The compression ratio, r = $\frac{6}{5}$

As we know,

The ratio of specific heat, i.e., $\frac{C_{p} }{C_{v} }$ for an ideal gas, γ = $1.5$

The standard efficiency of air will increase by, $\eta_{otto}$ =?

As we know,

• The standard efficiency of an air-Otto cycle can be calculated by the equation given below:
• $\eta_{otto} = 1 - \frac{1}{r^{\gamma - 1} }$    -------equation (1)
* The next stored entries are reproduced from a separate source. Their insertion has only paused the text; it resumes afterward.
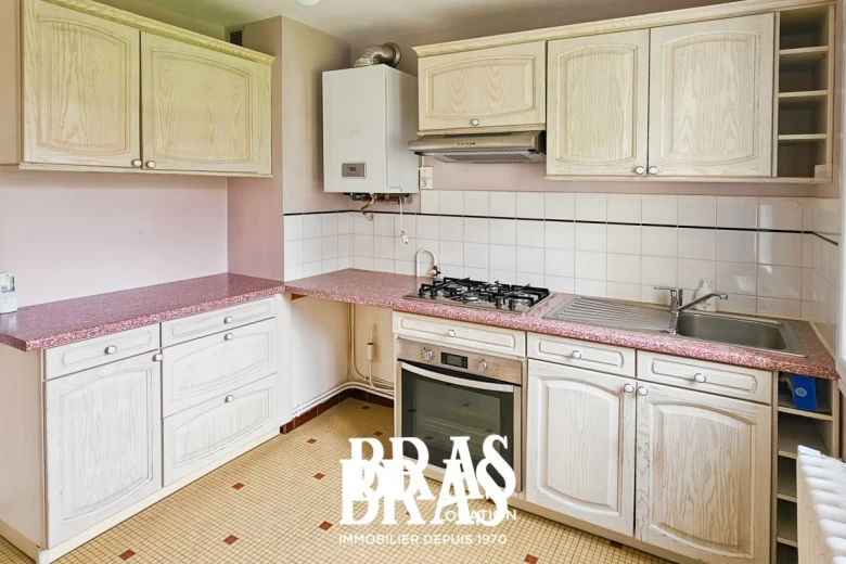 Dans une résidence calme et verdoyante, un appartement T4 de 83 m² environ situé au 1er étage, comprenant: une entrée, une cuisine séparée aménagée et équipée de plaques gaz, four et hotte, un séjour sur balcon sans vis à vis, un dégagement avec placard, trois chambres dont deux avec placards aménagés, une salle de bains, un WC. Une cave.
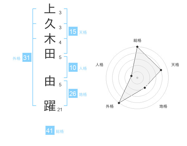 上久木田 由躍さんを姓名の画数から五運を鑑定
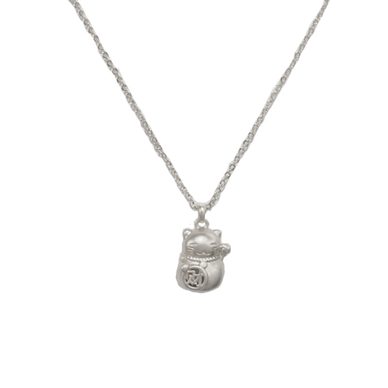 This niche, fashionable and simple design matte gold metal Maneki Neko pendant necklace exudes a light luxury and is a versatile necklace for daily use
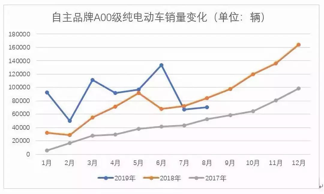 危机有多大呢?根据乘用车市场信息联席会的数据,A00级纯电动车的市场份额在2017年时曾高达69%,哪怕在2018年6月被调整后的补贴政策打到33%,最后都能借助国家打击低速电动车的东风,以及车厂全力转战分时租赁与网约车市场的收获,从而让市场份额回到49%以上。
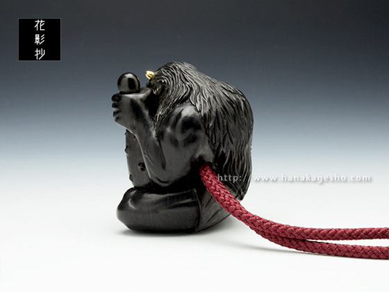 子猿鏡蓋根付「吉、引きました。よし!!」
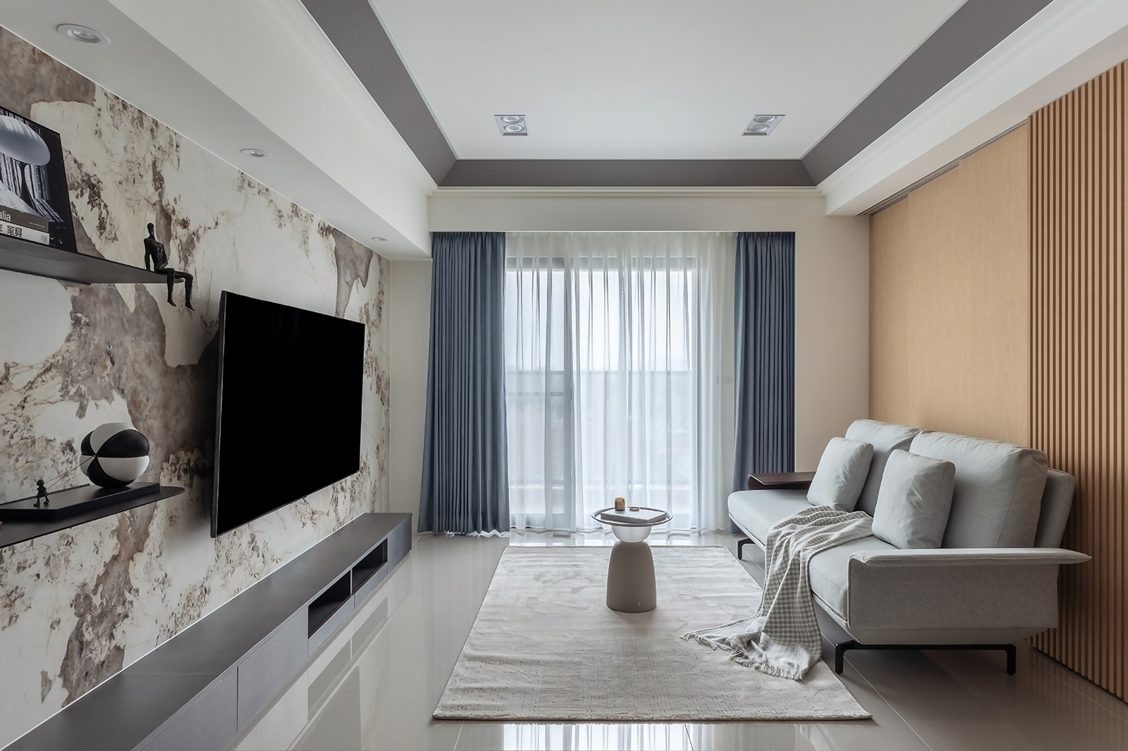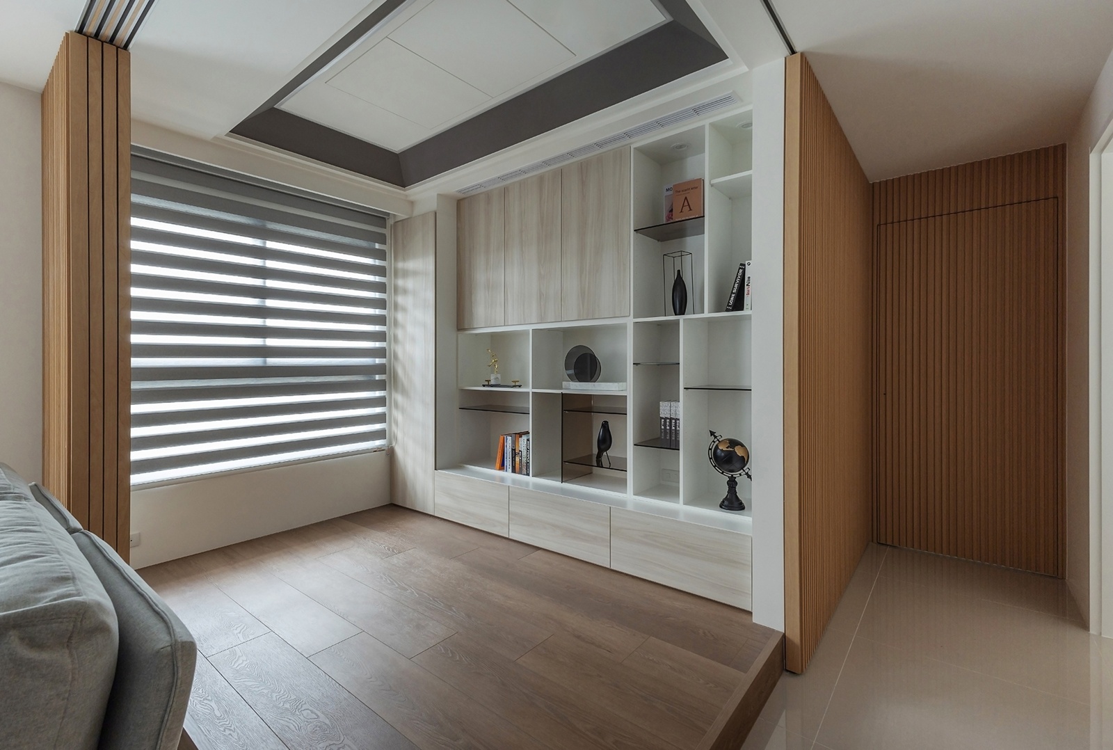 客廳以淺色岩板電視牆為核心,沙發背牆結合滑動木格柵門,兼具隔斷與牆體功能。門片開闔之間,空間自由轉換:開放時串連多功能區,閉合時形成柔和立面,維持秩序與隱私。多功能區以架高木地板劃分層次,櫃體整合收納與端景,作為私領域過渡節點,同時保留生活彈性。
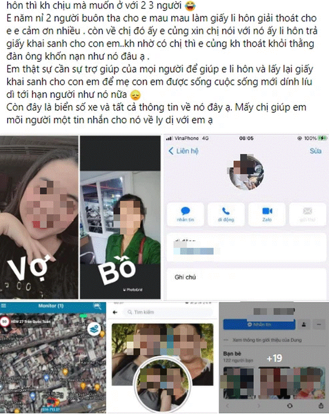 Còn đây là biển số xe và tất cả thông tin về nó đây ạ. Mấy chị giúp em mõi người một tin nhắn cho nó về ly dị với em ạ".
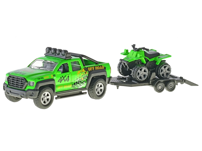Detaliczny pick-up 4×4 z przyczepą i quadem zapewnia autentyczne wrażenia z zabawy – solidne koła, lampy dachowe i najazdowa rampka wspierają kreatywne scenariusze.

Firstly, we have to calculate the value of ${r^{\gamma - 1} }$

After putting the values in ${r^{\gamma - 1} }$, we get:

• ${r^{\gamma - 1} }$ =  ${\frac{6}{5} ^{1.5 - 1} }$
• ${r^{\gamma - 1} }$ = $[{\frac{6}{5} ]^{\frac{1}{2} } }$
• ${r^{\gamma - 1} }$ = $\sqrt{1.2}$
• ${r^{\gamma - 1} }$ = $1.09$

Now,

• $\frac{1}{{r^{\gamma - 1} }}$ = $\frac{1}{1.09}$ = $0.917$

After putting the value of $\frac{1}{{r^{\gamma - 1} }}$ in equation (1), we get:

• $\eta_{otto} = 1 - 0.917$
• $\eta_{otto} = 0.08$

To change it in percentage, multiply it by $100$

• $\eta_{otto} = 0.08 \times 100$
• $\eta_{otto} = 8 \%$

Hence, standard efficiency will increase by $8\%$.